Data for the task:
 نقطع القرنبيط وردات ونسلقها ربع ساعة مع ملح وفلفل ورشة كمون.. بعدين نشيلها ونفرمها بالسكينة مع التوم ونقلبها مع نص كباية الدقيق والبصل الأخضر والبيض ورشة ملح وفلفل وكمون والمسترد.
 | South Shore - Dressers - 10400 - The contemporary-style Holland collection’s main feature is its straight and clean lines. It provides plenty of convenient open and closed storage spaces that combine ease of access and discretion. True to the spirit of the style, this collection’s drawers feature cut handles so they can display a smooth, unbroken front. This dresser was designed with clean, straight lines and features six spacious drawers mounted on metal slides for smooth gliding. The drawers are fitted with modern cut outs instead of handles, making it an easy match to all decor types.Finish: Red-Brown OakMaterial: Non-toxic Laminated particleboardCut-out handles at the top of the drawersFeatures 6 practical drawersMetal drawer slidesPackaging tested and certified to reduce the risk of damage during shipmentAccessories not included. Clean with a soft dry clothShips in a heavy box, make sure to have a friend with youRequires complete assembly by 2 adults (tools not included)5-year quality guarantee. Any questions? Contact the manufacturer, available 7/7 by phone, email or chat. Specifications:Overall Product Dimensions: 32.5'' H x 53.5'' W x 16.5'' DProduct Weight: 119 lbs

--

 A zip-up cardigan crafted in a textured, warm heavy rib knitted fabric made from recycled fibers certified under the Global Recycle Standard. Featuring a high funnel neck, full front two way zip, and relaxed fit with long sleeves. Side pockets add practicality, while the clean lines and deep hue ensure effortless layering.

Aim of the exercise:
Using the entries above, repeat only the lines from the one containing "نقطع القرنبيط وردات" through the one containing "Weight: 119 lbs", end lines included.

Solution for this problem:
 نقطع القرنبيط وردات ونسلقها ربع ساعة مع ملح وفلفل ورشة كمون.. بعدين نشيلها ونفرمها بالسكينة مع التوم ونقلبها مع نص كباية الدقيق والبصل الأخضر والبيض ورشة ملح وفلفل وكمون والمسترد.
 | South Shore - Dressers - 10400 - The contemporary-style Holland collection’s main feature is its straight and clean lines. It provides plenty of convenient open and closed storage spaces that combine ease of access and discretion. True to the spirit of the style, this collection’s drawers feature cut handles so they can display a smooth, unbroken front. This dresser was designed with clean, straight lines and features six spacious drawers mounted on metal slides for smooth gliding. The drawers are fitted with modern cut outs instead of handles, making it an easy match to all decor types.Finish: Red-Brown OakMaterial: Non-toxic Laminated particleboardCut-out handles at the top of the drawersFeatures 6 practical drawersMetal drawer slidesPackaging tested and certified to reduce the risk of damage during shipmentAccessories not included. Clean with a soft dry clothShips in a heavy box, make sure to have a friend with youRequires complete assembly by 2 adults (tools not included)5-year quality guarantee. Any questions? Contact the manufacturer, available 7/7 by phone, email or chat. Specifications:Overall Product Dimensions: 32.5'' H x 53.5'' W x 16.5'' DProduct Weight: 119 lbs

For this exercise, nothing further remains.